**WHAT IS BEING ASKED**
Give again, exactly as written, the lines of the records below from the line with "NB. Solo nel" to the line with "estar en medio". Both end lines count; pictures do not.

**EXERCISE INPUT**

**********

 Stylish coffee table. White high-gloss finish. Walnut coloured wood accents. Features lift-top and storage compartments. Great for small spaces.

**********

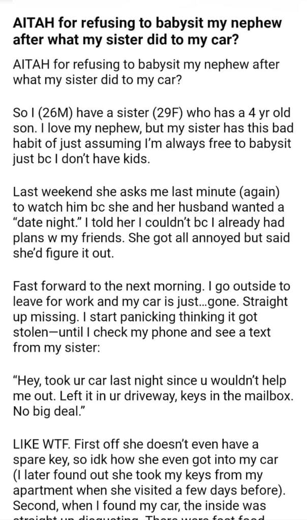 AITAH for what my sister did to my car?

**********

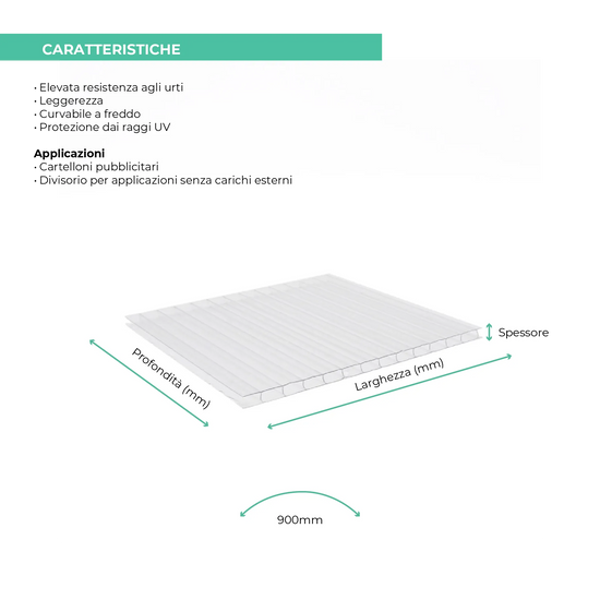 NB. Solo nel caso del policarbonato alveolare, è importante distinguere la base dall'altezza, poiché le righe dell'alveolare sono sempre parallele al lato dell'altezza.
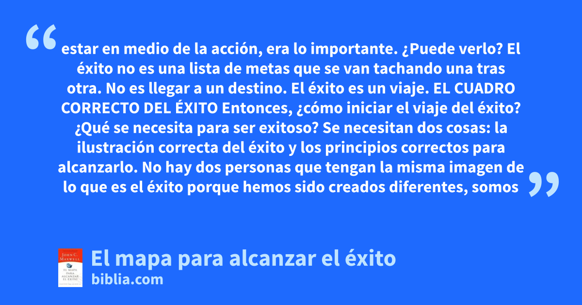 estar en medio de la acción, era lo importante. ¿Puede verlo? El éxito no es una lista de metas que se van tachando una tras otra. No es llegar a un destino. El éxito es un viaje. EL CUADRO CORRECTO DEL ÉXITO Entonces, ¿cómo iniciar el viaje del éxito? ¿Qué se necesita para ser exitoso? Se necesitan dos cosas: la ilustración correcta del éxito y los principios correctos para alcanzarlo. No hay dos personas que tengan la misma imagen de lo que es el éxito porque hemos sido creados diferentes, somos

**********

**SOLUTION TO THIS TASK**
 NB. Solo nel caso del policarbonato alveolare, è importante distinguere la base dall'altezza, poiché le righe dell'alveolare sono sempre parallele al lato dell'altezza.
 estar en medio de la acción, era lo importante. ¿Puede verlo? El éxito no es una lista de metas que se van tachando una tras otra. No es llegar a un destino. El éxito es un viaje. EL CUADRO CORRECTO DEL ÉXITO Entonces, ¿cómo iniciar el viaje del éxito? ¿Qué se necesita para ser exitoso? Se necesitan dos cosas: la ilustración correcta del éxito y los principios correctos para alcanzarlo. No hay dos personas que tengan la misma imagen de lo que es el éxito porque hemos sido creados diferentes, somos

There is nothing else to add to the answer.